If your application is monolithic, then we may not need X-Ray to track the request. But when we have a microservice-based application, we need a tool like X-Ray to track the request flow. Because the request will flow through multiple services, before responding to the client. If there is any issue or error in the request, it is hard to figure out where the issue is.

X-Ray will help us to look at the end to end view of the request & figure out where the issue or error is & help to troubleshoot. we can also find out which service is taking too long to respond and that will help us to improve the application performance.

X-Ray SDK & X-Ray Daemon

We can enable X-ray by importing X-Ray SDK in our code or by installing the X-Ray daemon.
X-Ray SDK will capture the calls to AWS services, database calls & Calls to Queue(like SQS) and share them with AWS X-Ray.
The AWS X-Ray daemon is a software application that listens for traffic on UDP port 2000, gathers raw segment data, and relays it to the AWS X-Ray API. We can also enable X-Ray AWS integration. If services like AWS Lambda that already been integrated with AWS X-Ray, then it will run the daemon. we don’t need to do anything. But each application must have the IAM rights to write the data to X-Ray

X-Ray Instrumentation

Instrumenting the application involves sending trace data for incoming and outbound requests and other events within the application, along with metadata about each request. There are three instrumentation options.

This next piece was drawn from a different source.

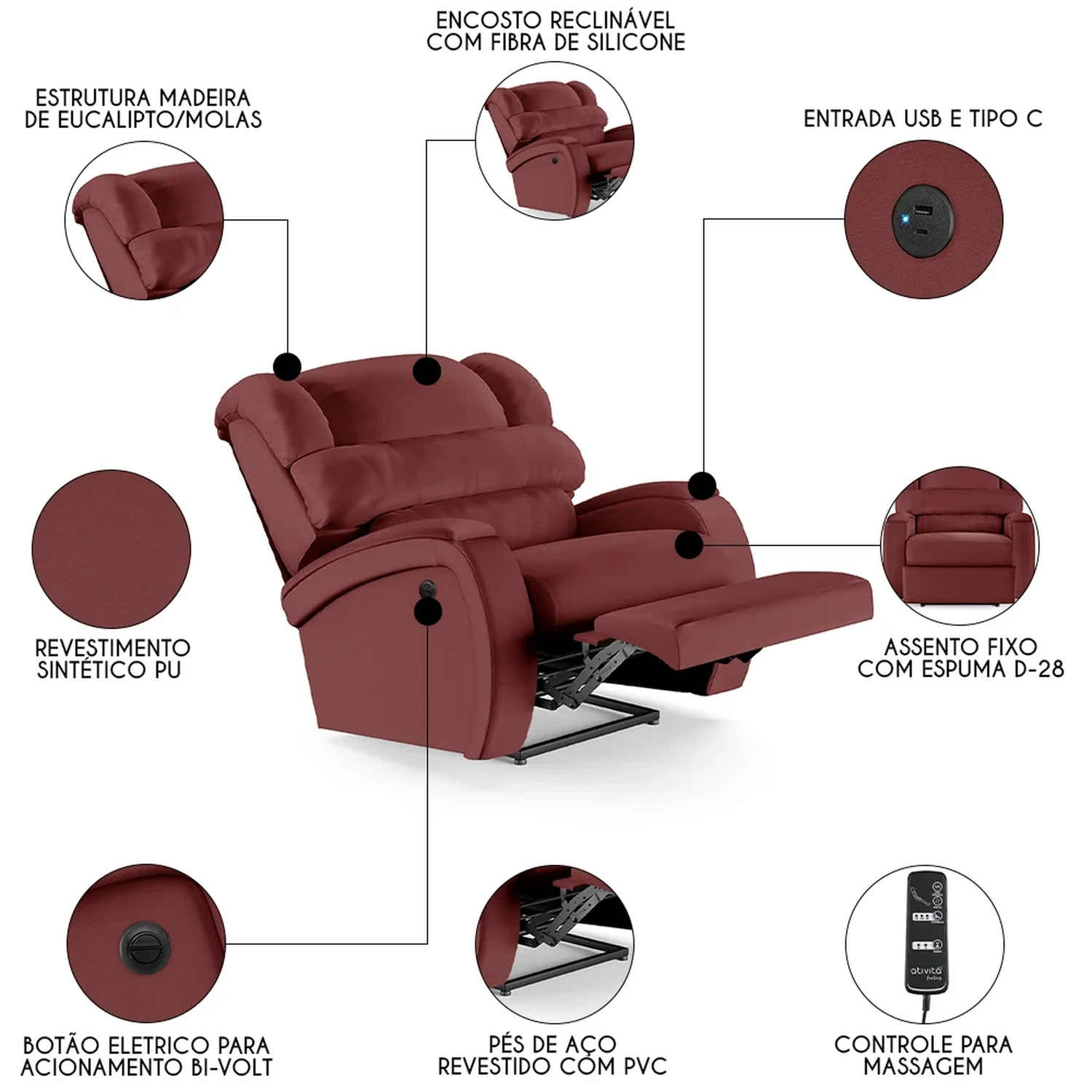 Mecanismo: Botão Elétrico, controle de massagem e entrada USB.

  • Auto instrumentation: Instrument your application with zero code changes, typically via configuration changes, adding an auto-instrumentation agent, or other mechanisms.
  • Library instrumentation: Make minimal application code changes to add pre-built instrumentation targeting specific libraries or frameworks, such as the AWS SDK, Apache HTTP clients, or SQL clients.
  • Manual instrumentation: Add instrumentation code to your application at each location where we want to send trace information.

X-Ray sampling

X-Ray SDK applies a sampling algorithm to determine which requests get traced. By default, the X-Ray SDK records the first request each second, and five percentage of any additional requests.

Note: CloudWatch is for overall metrics. X-Ray is for tracing. CloudTrail is for auditing the API calls.